>>>>>

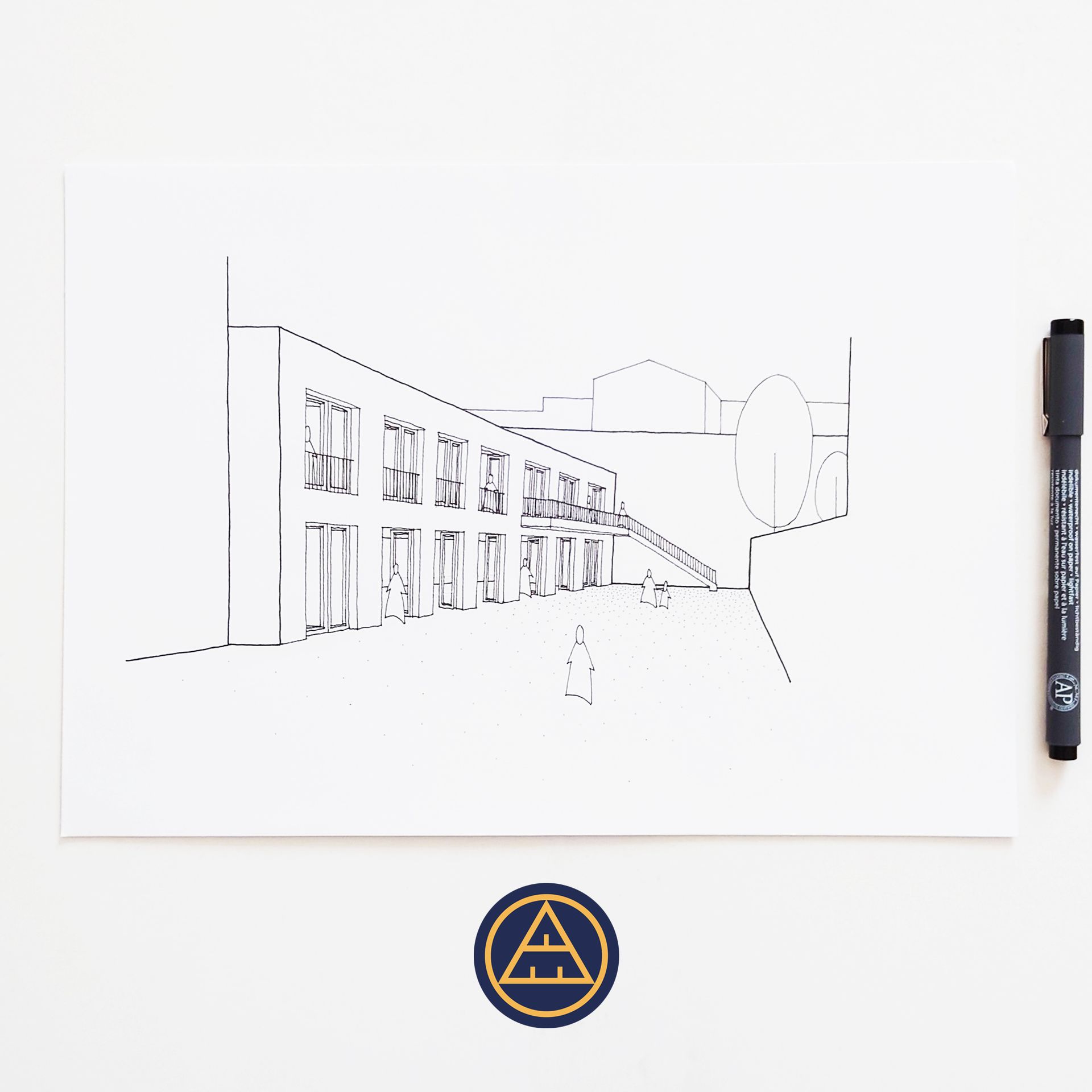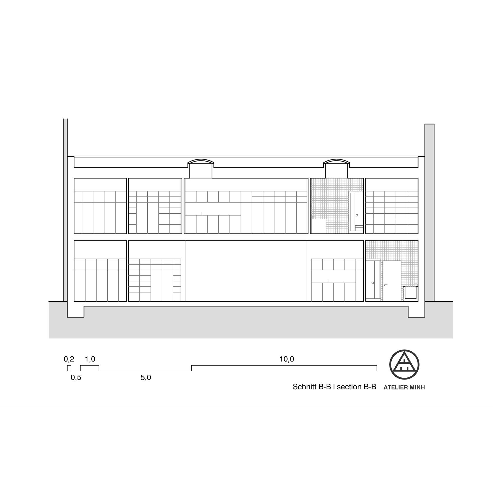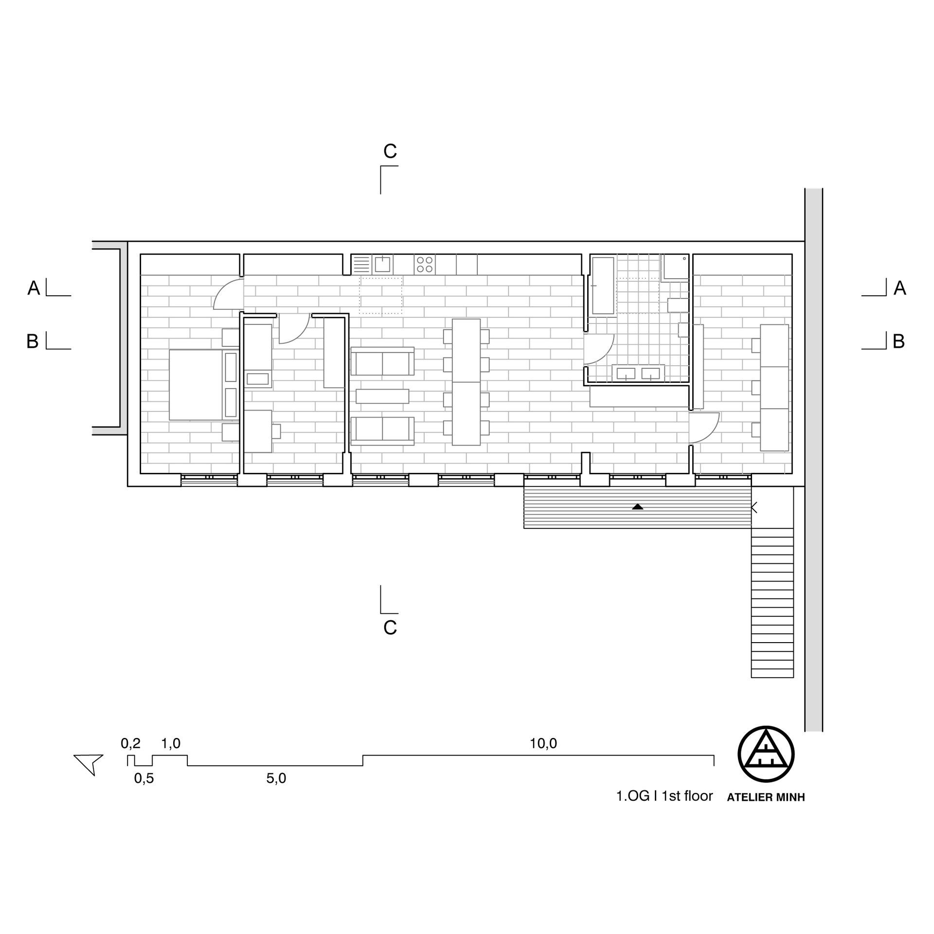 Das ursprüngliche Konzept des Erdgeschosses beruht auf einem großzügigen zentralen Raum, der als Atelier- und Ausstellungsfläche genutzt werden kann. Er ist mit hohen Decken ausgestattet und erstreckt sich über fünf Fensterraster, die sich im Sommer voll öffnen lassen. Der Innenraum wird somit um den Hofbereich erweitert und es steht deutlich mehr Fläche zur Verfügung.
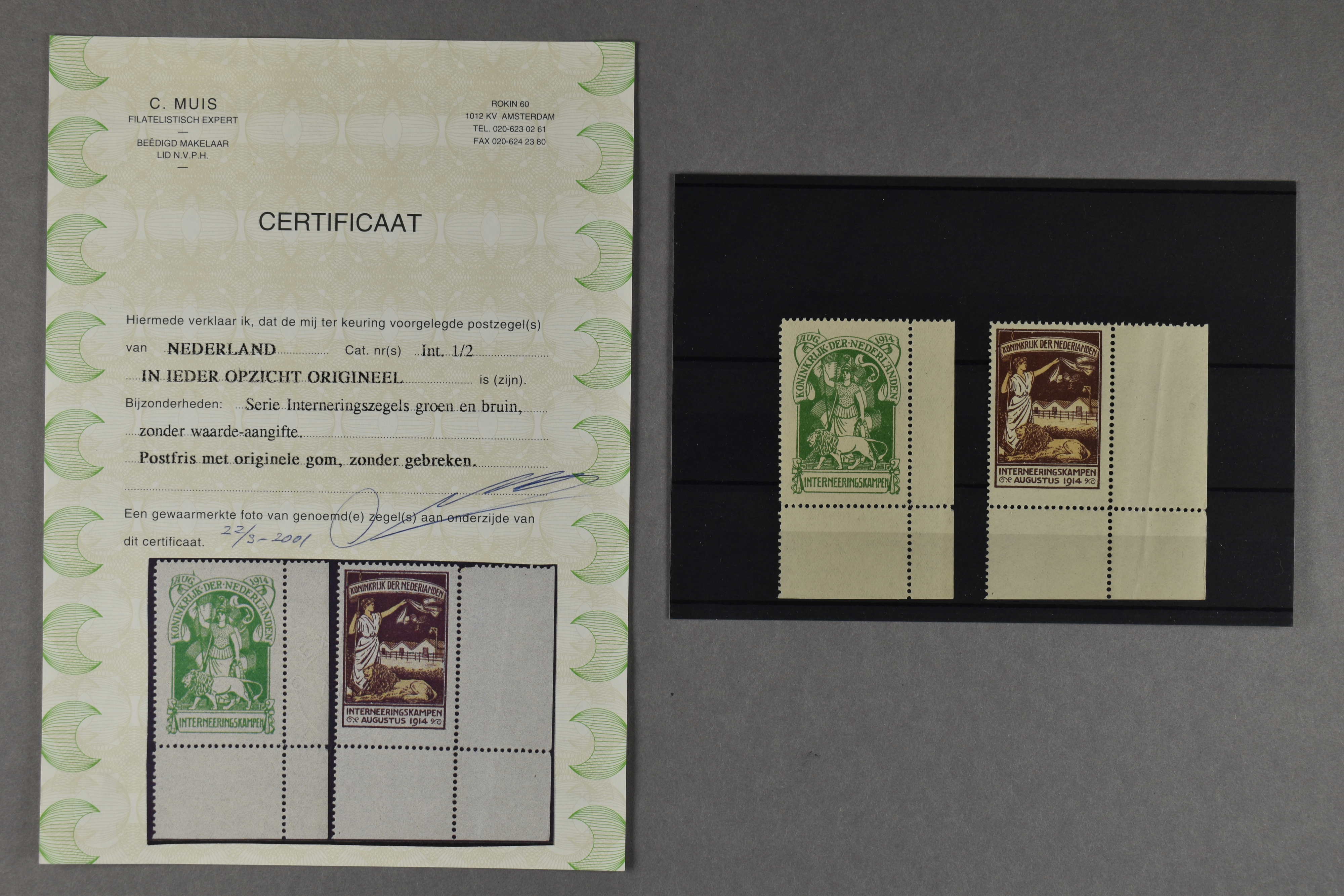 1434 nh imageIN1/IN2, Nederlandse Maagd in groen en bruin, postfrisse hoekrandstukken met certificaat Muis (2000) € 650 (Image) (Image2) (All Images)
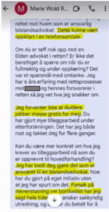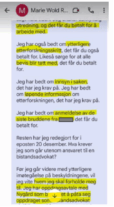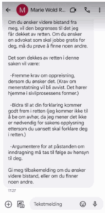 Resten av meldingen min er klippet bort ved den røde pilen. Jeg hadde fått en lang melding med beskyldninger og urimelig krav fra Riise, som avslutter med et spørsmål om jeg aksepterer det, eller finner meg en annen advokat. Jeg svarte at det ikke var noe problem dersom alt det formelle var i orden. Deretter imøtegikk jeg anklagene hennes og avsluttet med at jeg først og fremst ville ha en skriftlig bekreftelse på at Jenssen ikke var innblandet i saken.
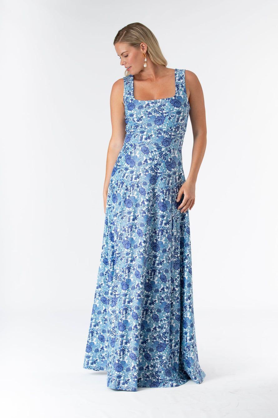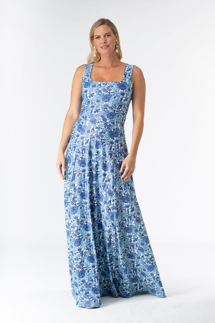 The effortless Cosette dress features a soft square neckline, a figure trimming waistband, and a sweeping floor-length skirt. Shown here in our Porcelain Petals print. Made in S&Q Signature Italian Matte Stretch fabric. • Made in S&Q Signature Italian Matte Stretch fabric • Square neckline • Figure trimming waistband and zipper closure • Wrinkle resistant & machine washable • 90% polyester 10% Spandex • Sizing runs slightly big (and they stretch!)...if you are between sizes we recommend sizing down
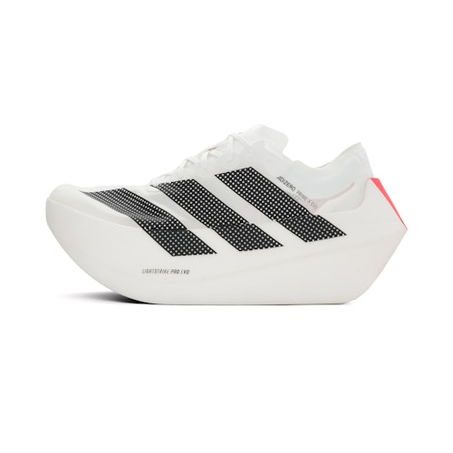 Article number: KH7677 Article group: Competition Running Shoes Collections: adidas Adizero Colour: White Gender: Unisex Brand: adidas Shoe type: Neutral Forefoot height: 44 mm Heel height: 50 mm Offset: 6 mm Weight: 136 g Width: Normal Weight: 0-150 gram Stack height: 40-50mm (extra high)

<<<<<

▶ [Exercise goal]
This calls for an exact copy of all the entries above, with the pictures omitted.

▶ [Written solution]
 Das ursprüngliche Konzept des Erdgeschosses beruht auf einem großzügigen zentralen Raum, der als Atelier- und Ausstellungsfläche genutzt werden kann. Er ist mit hohen Decken ausgestattet und erstreckt sich über fünf Fensterraster, die sich im Sommer voll öffnen lassen. Der Innenraum wird somit um den Hofbereich erweitert und es steht deutlich mehr Fläche zur Verfügung.
 1434 nh imageIN1/IN2, Nederlandse Maagd in groen en bruin, postfrisse hoekrandstukken met certificaat Muis (2000) € 650 (Image) (Image2) (All Images)
 Resten av meldingen min er klippet bort ved den røde pilen. Jeg hadde fått en lang melding med beskyldninger og urimelig krav fra Riise, som avslutter med et spørsmål om jeg aksepterer det, eller finner meg en annen advokat. Jeg svarte at det ikke var noe problem dersom alt det formelle var i orden. Deretter imøtegikk jeg anklagene hennes og avsluttet med at jeg først og fremst ville ha en skriftlig bekreftelse på at Jenssen ikke var innblandet i saken.
 The effortless Cosette dress features a soft square neckline, a figure trimming waistband, and a sweeping floor-length skirt. Shown here in our Porcelain Petals print. Made in S&Q Signature Italian Matte Stretch fabric. • Made in S&Q Signature Italian Matte Stretch fabric • Square neckline • Figure trimming waistband and zipper closure • Wrinkle resistant & machine washable • 90% polyester 10% Spandex • Sizing runs slightly big (and they stretch!)...if you are between sizes we recommend sizing down
 Article number: KH7677 Article group: Competition Running Shoes Collections: adidas Adizero Colour: White Gender: Unisex Brand: adidas Shoe type: Neutral Forefoot height: 44 mm Heel height: 50 mm Offset: 6 mm Weight: 136 g Width: Normal Weight: 0-150 gram Stack height: 40-50mm (extra high)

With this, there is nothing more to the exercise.